• PROBLEM TO WORK ON: Your job is to give again, exactly and with no additions, the lines in the records below from the one with "앞서 선관위는 윤 전" through the one with "South Vietnamese River", both included. Omit the pictures.

• DATA FOR REVIEW:

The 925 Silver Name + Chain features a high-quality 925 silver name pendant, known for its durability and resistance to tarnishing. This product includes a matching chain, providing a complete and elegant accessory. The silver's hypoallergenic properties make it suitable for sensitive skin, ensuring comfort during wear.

==

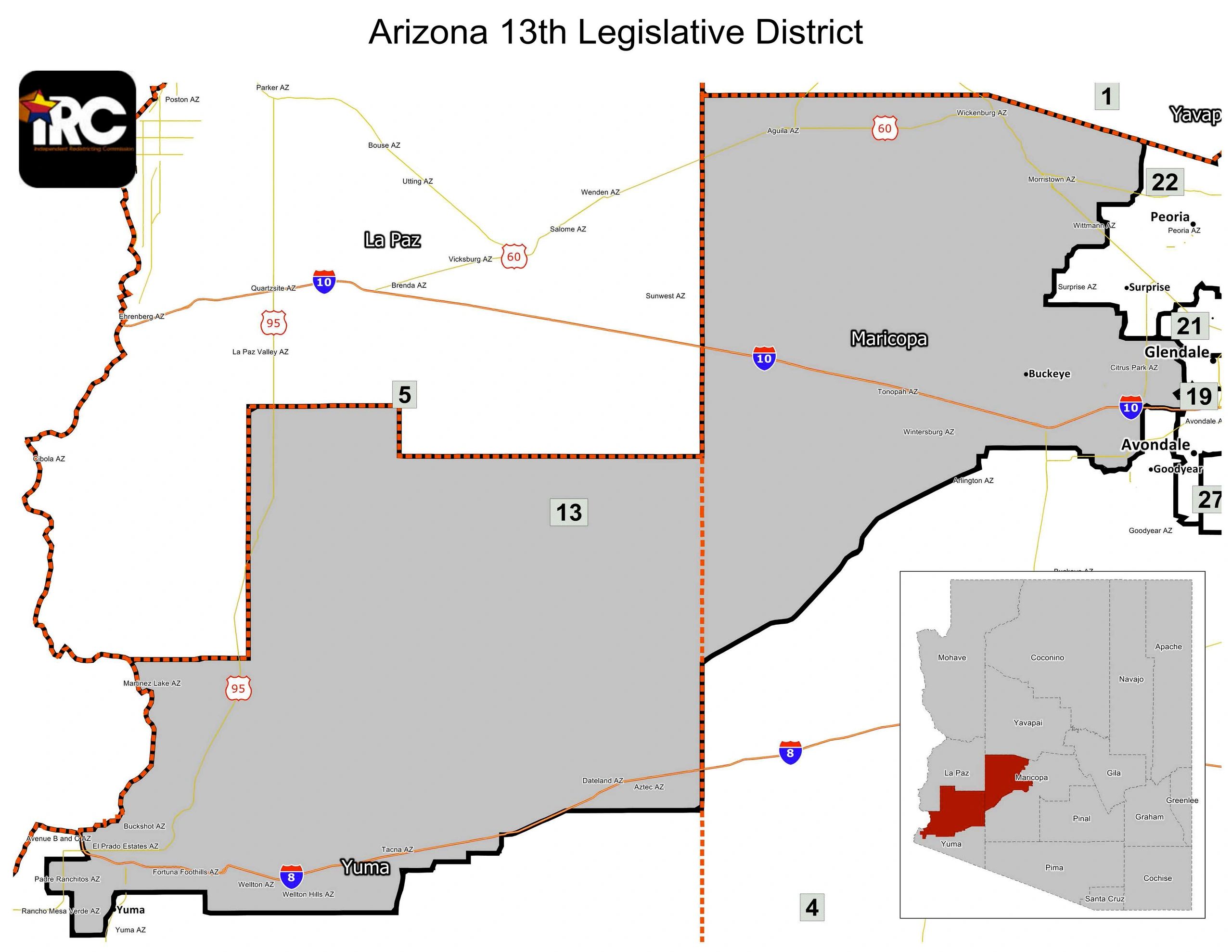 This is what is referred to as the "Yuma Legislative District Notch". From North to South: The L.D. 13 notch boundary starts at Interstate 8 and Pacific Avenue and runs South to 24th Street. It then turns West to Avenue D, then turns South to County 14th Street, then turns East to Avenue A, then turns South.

--

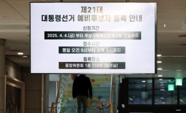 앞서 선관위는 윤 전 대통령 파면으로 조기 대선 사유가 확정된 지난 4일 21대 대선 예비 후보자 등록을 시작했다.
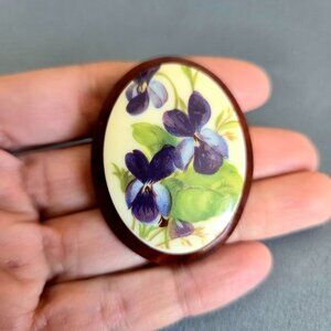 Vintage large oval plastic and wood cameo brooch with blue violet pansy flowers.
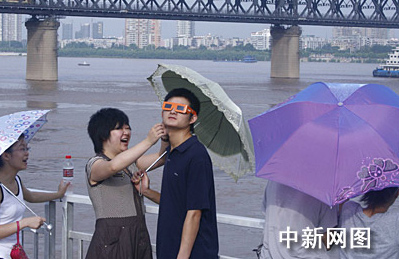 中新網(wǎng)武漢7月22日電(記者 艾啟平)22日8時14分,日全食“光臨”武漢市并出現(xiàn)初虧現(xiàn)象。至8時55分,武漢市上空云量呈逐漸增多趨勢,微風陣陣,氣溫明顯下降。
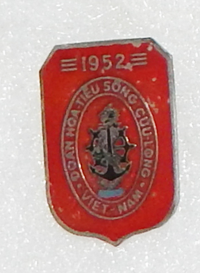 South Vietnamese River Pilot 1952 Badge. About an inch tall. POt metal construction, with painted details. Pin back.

• REPLY TO THE EXERCISE:
 앞서 선관위는 윤 전 대통령 파면으로 조기 대선 사유가 확정된 지난 4일 21대 대선 예비 후보자 등록을 시작했다.
 Vintage large oval plastic and wood cameo brooch with blue violet pansy flowers.
 中新網(wǎng)武漢7月22日電(記者 艾啟平)22日8時14分,日全食“光臨”武漢市并出現(xiàn)初虧現(xiàn)象。至8時55分,武漢市上空云量呈逐漸增多趨勢,微風陣陣,氣溫明顯下降。
 South Vietnamese River Pilot 1952 Badge. About an inch tall. POt metal construction, with painted details. Pin back.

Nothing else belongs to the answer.